__Exercise objective__. In the entries below, find the line with "Pusty notatnik spiralny" and the line with "Die Glasfront ermöglicht". Repeat exactly everything between them, those two lines included, but not the pictures.

__Input data__.

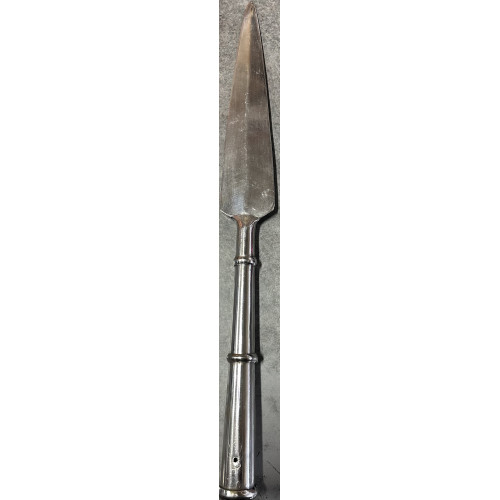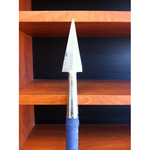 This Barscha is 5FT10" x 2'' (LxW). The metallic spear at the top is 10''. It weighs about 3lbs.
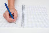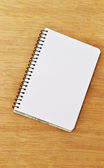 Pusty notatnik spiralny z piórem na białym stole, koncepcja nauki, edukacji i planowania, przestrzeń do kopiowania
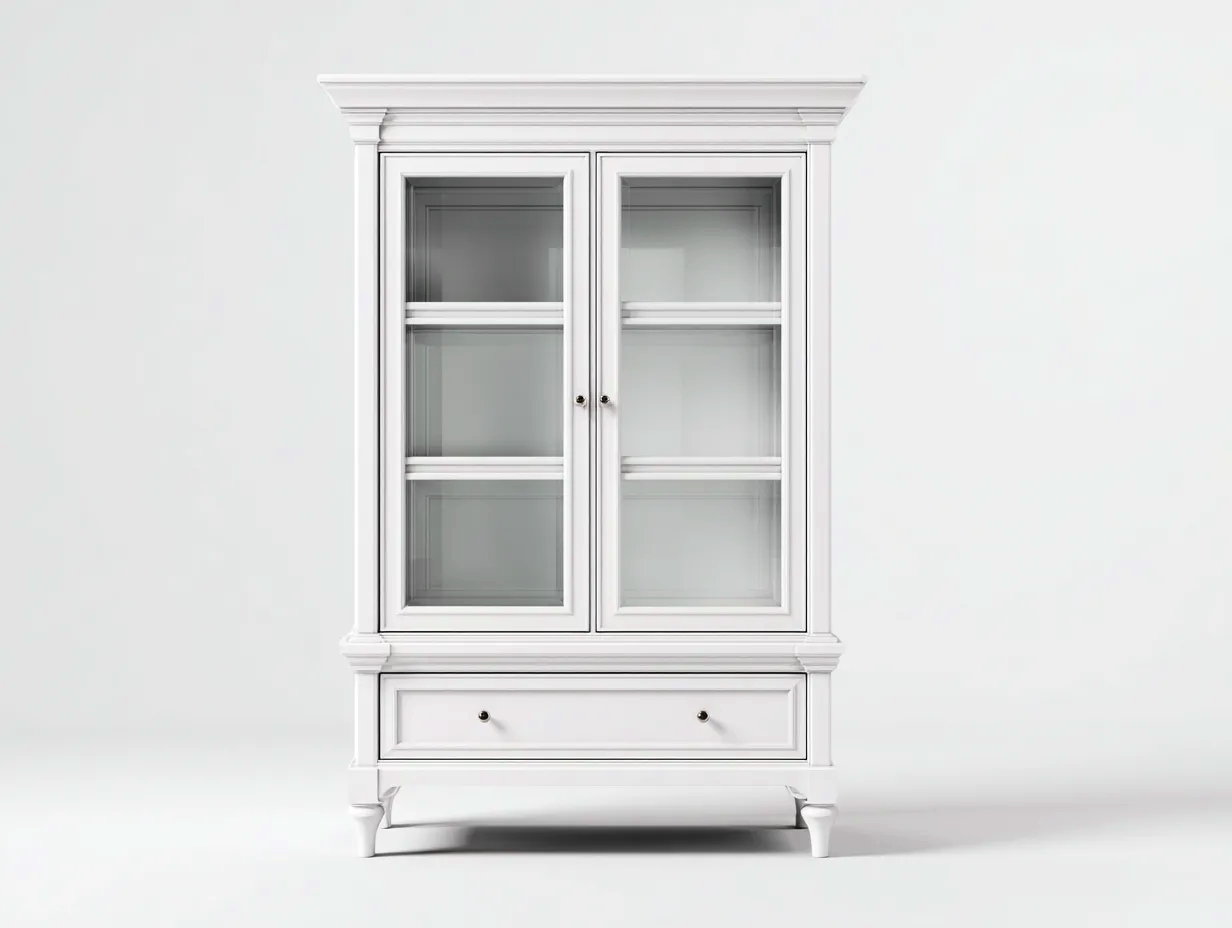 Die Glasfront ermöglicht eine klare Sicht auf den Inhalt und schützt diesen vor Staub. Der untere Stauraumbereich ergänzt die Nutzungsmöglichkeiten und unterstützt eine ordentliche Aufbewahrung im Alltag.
* * *
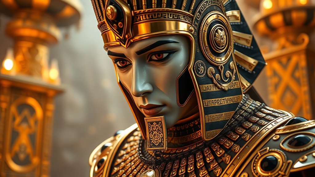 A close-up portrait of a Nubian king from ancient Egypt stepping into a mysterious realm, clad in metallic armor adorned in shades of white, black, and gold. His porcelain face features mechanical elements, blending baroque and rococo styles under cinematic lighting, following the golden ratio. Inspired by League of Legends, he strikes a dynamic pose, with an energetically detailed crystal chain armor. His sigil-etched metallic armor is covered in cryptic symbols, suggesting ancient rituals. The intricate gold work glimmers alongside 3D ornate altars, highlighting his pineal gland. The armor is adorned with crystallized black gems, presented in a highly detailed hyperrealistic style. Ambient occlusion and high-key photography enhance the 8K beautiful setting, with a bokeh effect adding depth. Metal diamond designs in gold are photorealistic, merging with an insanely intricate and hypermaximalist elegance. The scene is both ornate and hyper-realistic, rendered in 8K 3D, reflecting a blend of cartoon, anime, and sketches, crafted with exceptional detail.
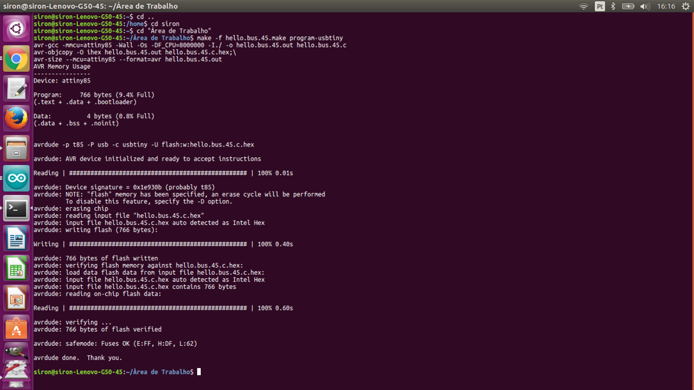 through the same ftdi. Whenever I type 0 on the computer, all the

__Exercise result__.
 Pusty notatnik spiralny z piórem na białym stole, koncepcja nauki, edukacji i planowania, przestrzeń do kopiowania
 Die Glasfront ermöglicht eine klare Sicht auf den Inhalt und schützt diesen vor Staub. Der untere Stauraumbereich ergänzt die Nutzungsmöglichkeiten und unterstützt eine ordentliche Aufbewahrung im Alltag.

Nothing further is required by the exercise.